The other majors’ SBPs were: 112, 118, 120, 126, 130, 130, 130, 130, 140, 142, 144, 144, 146, 150, 158, 160, 170, 170, 172, 190. Calculate the appropriate measure of association, and test it statistically using the on-line tool found at https://www.graphpad.com/quickcalcs/ttest1.cfm

( Formula ) What are the results?

 
8. What do the results mean and how do we state our conclusion regarding the null hypothesis ?  
Scenario D: Another team of investigators reviewed medical records to determine which military personnel among several basic training units had received a previous type of meningitis vaccine during training two decades ago. Two study groups were formed, those who had not received the vaccine and those who had. These were followed forward by record review throughout the duration of their active military service, and if they had a record of care through the VA system, these records were searched as well. The outcome of interest was the occurrence of any of a number of autoimmune diseases that were thought to have a possible association with the vaccine. In this study, of a vaccine group of 60, 4 individuals were found to have been diagnosed with lupus at some subsequent point in time. In the non-vaccine group of 90, only 2 individuals had that diagnosis.
1. What makes this a Retrospective Cohort Study and why is it appropriate?  
2. What is the independent variable in this scenario, and what type is it? What is the dependent variable in this scenario, and what type is it? Independent =

Type =

3. Dependent –

Type –

4. State a null hypothesis.  
5. Relative Risk is the most appropriate measure of association to compare the rates of occurrence of autoimmune disease between the two groups? Why? Which group has the greatest risk? Relative Risk= [A (A+B)] / [(C+D)]

 

______% greater risk for developing lupus is associated with_________________________.

Relative Risk # of ILL # of Well # Total
# Exposed A = 4 B = 56 A + B =
# Unexposed C = 2 D = 88 C + D =
Totals     A+B+C+D =
6. Chi-square, Fisher’s Exact Test is the most appropriate statistical test to test the significance of this measure of association. Why?  
7. Using the same on-line calculator as for problems #1 and #2, perform this test. What are the 2-tailed p-value results?  
8. What do the results mean regarding the null hypothesis?  
Scenario E: Yet another team of investigators embarked on a long-term study to assess the impact of levels of blood cholesterol in Native Americans on subsequent occurrence of myocardial infarction.
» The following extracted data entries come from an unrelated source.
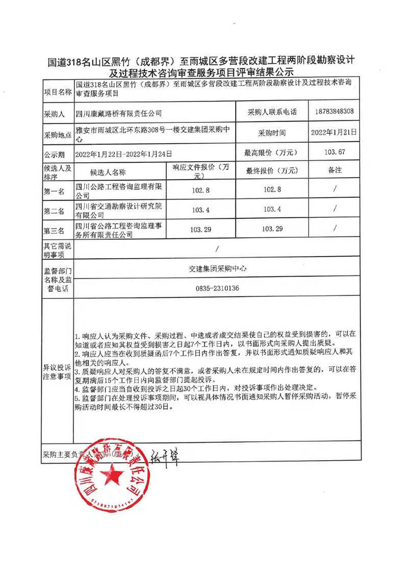 四川康藏路橋有限責(zé)任公司國道318名山區(qū)黑竹(成都界)至雨城區(qū)多營段改建工程兩階段勘察設(shè)計及過程技術(shù)咨詢審查服務(wù)項目評審結(jié)果公示
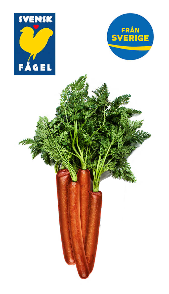 Med svensk fågel och svenska morötter är Klimat marknadens första kycklingkorv under 2 kg CO₂e/kg. Men den smakar och ser ut precis som en vanlig korv. Lurigt va?
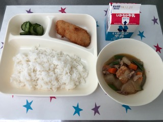 16日の給食は、たらのフライ・豚肉とあつあげの煮もの・あっさりきゅうり・ごはん・牛乳です。
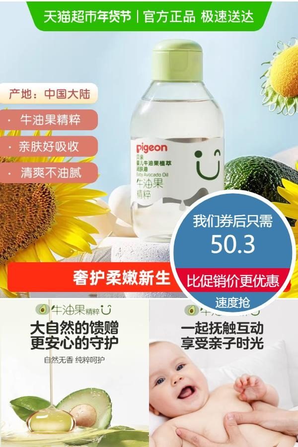 【淘金币+福袋+VIP到手更优惠】Pigeon新生儿牛油果植萃润肤油,升级双重油粹,奢护柔嫩新生,无矿油矿脂,温和更安心,保湿不油腻,添加牛油果*乳木果油成分双重油粹,高保湿滋润,亲肤好吸收,清爽不油腻
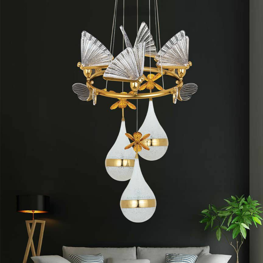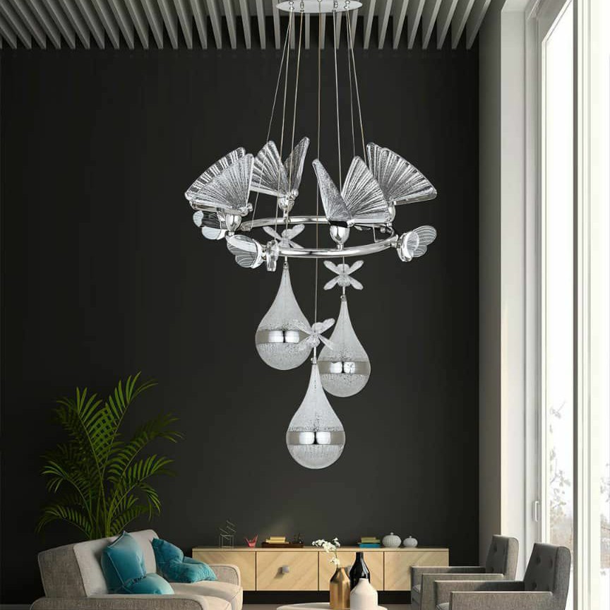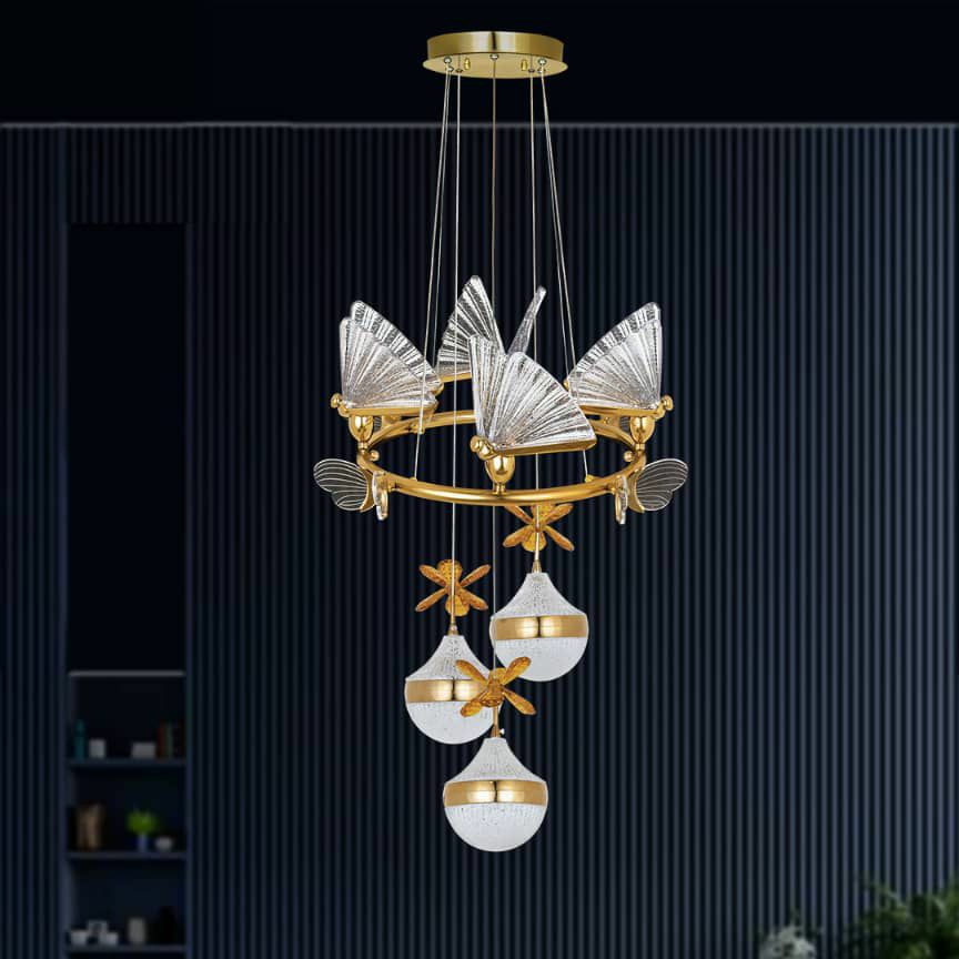لوستر آویز اس ام دی پروانه ایی محصول در دورنگ طلایی و نقره ایی مبلمونسرا مدل 245145

They recruited 100 patients from three Indian Health Service hospital systems, and divided them into two groups based on cholesterol LDL/HDL ratio (high ratio is bad) – 42 in the high group and 58 in the low group. By the end of the fifteen-year follow-up period, 16 in the high group and 13 in the low group had experienced a myocardial infarction.
1. What makes this a Prospective Cohort Study?  
2. What is the independent variable in this scenario, and what type is it? What is the dependent variable in this scenario, and what type is it? Independent =

Type =

3. Dependent –

Type –

4. State a null hypothesis.  
5. Relative Risk is the most appropriate measure of association to compare the rates of myocardial infarction in the two groups. [A/(A+B)] / [C/(C+D)] Why and what are the RR results?  
6. Chi square w/o Yates correction is the most appropriate statistical test to test the significance of this measure of association. Why and what are the 2-tailed p-results?  
7. What do the results mean in terms of the null hypothesis?